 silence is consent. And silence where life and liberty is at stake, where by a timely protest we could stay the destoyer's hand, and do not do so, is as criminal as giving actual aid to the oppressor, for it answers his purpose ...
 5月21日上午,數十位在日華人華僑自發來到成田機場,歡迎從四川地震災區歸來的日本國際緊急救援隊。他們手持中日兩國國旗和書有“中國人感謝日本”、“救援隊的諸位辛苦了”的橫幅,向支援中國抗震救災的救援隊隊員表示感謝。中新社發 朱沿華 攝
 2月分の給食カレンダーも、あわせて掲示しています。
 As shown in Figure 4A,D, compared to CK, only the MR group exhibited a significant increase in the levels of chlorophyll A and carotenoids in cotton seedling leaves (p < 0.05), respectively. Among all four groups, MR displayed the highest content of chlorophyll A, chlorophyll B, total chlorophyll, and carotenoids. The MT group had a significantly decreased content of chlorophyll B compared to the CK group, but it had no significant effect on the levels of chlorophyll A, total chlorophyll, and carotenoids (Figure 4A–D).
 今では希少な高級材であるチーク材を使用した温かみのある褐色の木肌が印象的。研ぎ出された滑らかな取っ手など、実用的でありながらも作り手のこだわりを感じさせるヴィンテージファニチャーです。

·····

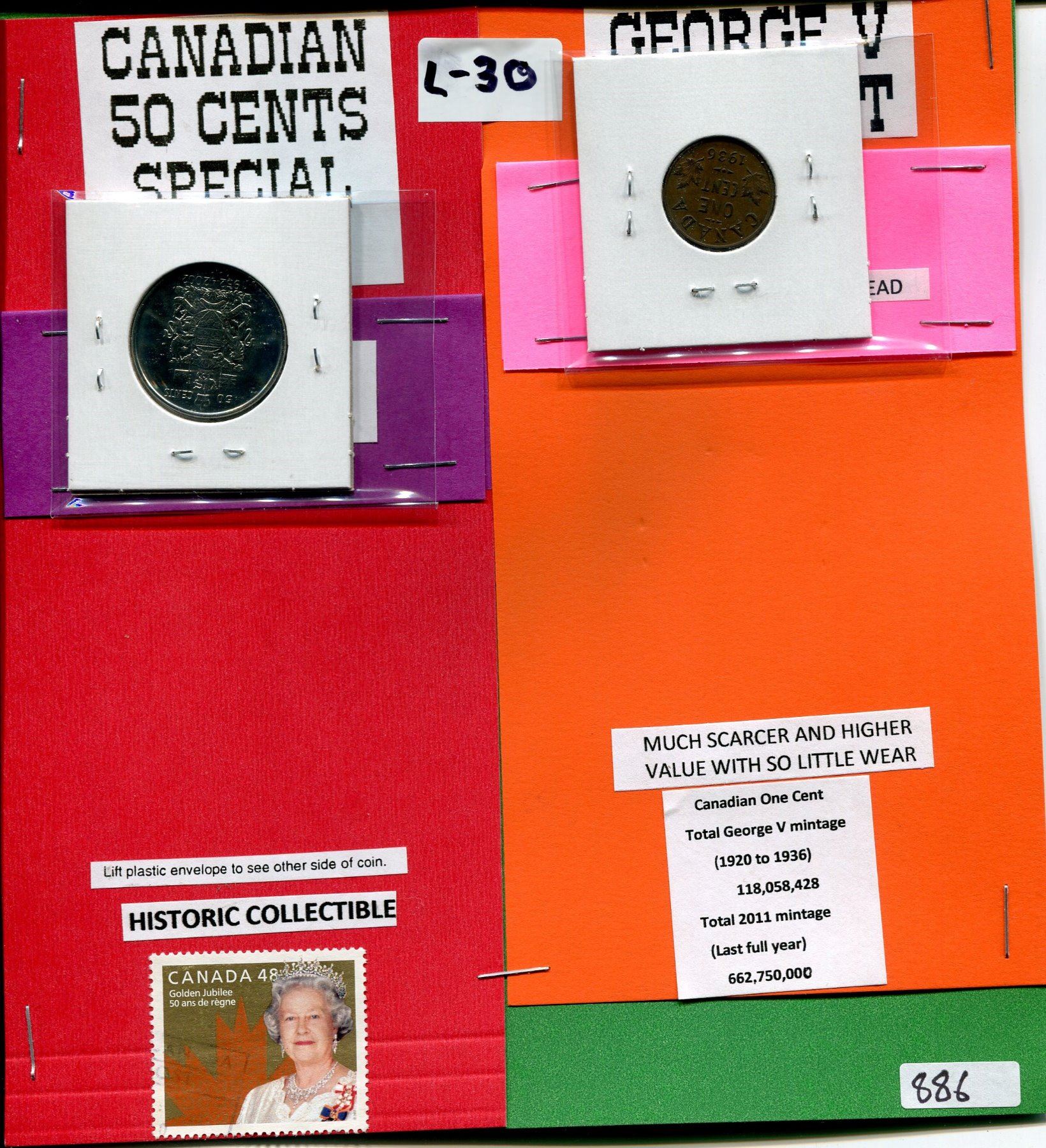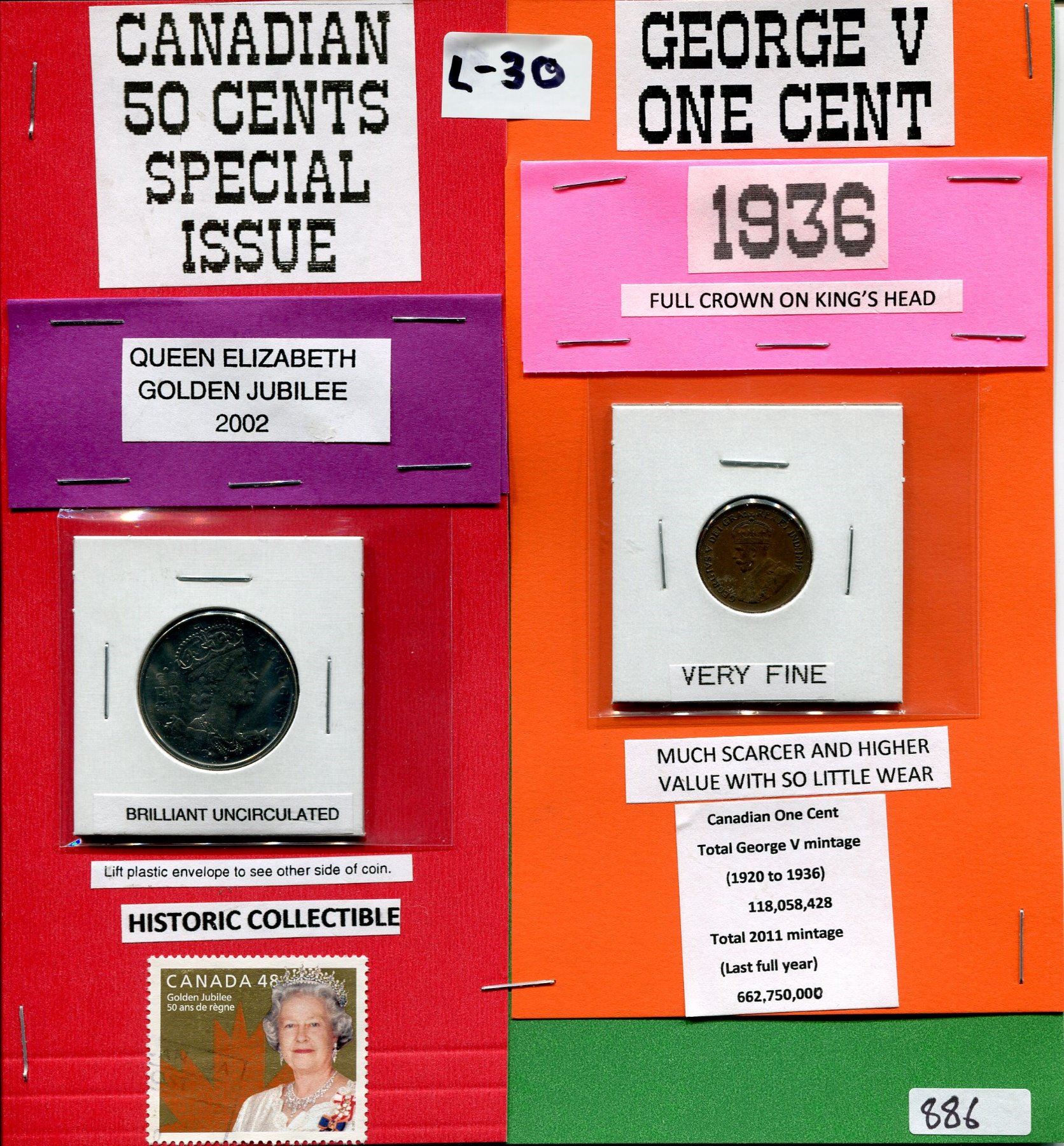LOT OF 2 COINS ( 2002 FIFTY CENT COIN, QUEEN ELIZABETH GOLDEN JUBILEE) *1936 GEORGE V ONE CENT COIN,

·····

▶ _WORK ORDER_
Above are some records; copy exactly the lines from the one with "silence is consent." through the one with "2月分の給食カレンダーも、あわせて掲示しています。", both included, and no others.

▶ _EXPECTED OUTPUT_
 silence is consent. And silence where life and liberty is at stake, where by a timely protest we could stay the destoyer's hand, and do not do so, is as criminal as giving actual aid to the oppressor, for it answers his purpose ...
 5月21日上午,數十位在日華人華僑自發來到成田機場,歡迎從四川地震災區歸來的日本國際緊急救援隊。他們手持中日兩國國旗和書有“中國人感謝日本”、“救援隊的諸位辛苦了”的橫幅,向支援中國抗震救災的救援隊隊員表示感謝。中新社發 朱沿華 攝
 2月分の給食カレンダーも、あわせて掲示しています。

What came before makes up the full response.